Tattoo Pain Chart: A scale of how much tattoos hurt - AuthorityTattoo (2)

Will my tattoo definitely hurt?

unfortunately,All tattoos stab; There is no other way to work around this problem. No matter what pain chart your tattoo lands on, your skin is still being pierced hundreds of times a minute, and 99% of people will experience at least a little pain as their nerve endings spread to every inch of your body.

The biggest deciding factor is of course the actual onePlace to get a tattoo on your body. Chest tattoos almost always cause more pain than upper arm tattoos, for example.

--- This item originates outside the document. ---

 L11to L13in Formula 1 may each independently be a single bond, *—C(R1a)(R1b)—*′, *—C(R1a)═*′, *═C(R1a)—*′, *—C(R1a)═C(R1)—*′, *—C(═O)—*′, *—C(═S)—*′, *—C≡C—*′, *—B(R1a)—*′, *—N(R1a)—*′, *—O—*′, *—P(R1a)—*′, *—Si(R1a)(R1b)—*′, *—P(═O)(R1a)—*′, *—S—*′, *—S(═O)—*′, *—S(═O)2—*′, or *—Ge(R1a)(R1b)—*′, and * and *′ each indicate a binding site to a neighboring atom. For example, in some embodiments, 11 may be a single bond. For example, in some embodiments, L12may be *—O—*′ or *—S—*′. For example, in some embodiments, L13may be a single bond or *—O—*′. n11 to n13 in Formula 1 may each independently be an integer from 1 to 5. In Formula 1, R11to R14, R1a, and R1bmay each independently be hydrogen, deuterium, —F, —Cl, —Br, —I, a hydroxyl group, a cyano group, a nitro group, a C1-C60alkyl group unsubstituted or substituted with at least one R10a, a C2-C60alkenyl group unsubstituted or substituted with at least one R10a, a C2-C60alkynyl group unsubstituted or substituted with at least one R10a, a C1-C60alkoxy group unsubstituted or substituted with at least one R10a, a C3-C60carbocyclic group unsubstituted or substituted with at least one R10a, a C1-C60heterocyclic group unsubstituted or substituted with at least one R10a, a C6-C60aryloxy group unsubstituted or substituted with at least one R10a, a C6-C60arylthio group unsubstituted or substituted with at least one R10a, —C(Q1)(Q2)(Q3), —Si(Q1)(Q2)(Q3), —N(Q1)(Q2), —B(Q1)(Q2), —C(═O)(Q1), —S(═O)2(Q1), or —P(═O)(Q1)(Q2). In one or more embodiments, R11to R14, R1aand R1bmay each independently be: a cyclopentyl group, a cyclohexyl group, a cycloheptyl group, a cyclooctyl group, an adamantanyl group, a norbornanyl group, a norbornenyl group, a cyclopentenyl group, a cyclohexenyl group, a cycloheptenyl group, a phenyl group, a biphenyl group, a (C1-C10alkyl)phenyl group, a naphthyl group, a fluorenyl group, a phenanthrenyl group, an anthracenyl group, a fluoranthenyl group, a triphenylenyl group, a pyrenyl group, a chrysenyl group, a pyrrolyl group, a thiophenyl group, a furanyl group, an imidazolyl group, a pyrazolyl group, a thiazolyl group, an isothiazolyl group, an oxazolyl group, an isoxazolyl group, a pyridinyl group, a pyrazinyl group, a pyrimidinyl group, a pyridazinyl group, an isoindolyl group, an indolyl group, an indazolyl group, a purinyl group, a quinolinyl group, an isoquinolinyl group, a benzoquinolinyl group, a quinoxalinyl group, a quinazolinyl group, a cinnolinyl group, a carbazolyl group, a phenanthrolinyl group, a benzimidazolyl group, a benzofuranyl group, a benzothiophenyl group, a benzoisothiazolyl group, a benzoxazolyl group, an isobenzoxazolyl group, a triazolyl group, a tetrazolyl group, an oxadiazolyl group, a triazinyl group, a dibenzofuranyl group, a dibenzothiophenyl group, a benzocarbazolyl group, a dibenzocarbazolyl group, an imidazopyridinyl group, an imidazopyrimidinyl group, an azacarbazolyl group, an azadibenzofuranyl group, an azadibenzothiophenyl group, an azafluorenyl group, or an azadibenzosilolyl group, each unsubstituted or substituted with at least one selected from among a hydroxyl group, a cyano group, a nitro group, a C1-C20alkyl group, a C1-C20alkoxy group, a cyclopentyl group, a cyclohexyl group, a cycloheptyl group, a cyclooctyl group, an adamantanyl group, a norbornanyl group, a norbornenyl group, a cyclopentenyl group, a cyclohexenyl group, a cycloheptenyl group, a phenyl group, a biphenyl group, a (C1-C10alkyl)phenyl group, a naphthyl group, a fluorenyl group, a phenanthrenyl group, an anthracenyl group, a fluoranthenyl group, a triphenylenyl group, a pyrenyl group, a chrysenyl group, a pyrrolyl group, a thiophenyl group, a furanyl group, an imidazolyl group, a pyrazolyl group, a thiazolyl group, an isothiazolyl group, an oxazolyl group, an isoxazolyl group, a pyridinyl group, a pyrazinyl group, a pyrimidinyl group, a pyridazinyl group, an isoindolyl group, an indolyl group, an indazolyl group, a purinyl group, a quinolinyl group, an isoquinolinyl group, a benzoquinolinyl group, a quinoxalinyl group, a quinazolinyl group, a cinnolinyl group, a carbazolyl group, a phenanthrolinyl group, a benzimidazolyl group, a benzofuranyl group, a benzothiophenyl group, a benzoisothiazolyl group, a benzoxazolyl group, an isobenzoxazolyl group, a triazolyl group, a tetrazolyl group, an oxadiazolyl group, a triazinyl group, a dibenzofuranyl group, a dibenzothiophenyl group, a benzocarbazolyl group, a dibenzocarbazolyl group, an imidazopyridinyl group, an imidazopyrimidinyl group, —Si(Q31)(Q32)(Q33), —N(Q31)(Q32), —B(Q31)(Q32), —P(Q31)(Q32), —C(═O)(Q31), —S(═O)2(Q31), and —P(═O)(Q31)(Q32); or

But at the end of the day, tattoo pain charts and scales only give you a very rough idea of ​​how much your personal tattooing experience will hurt and how painful each pin prick will be against your nerves. terminations.

A person with a more pain sensitive body will generally experience more pain during a tattoo session than a person with a higher pain tolerance. However, it is acomplete myththat all tattoos cause excruciating pain.

If you want to get even more knowledge about tattoos and tattoo pain specifically, then visit ourthe most painful tattooseless painful tattoosGuides can help you.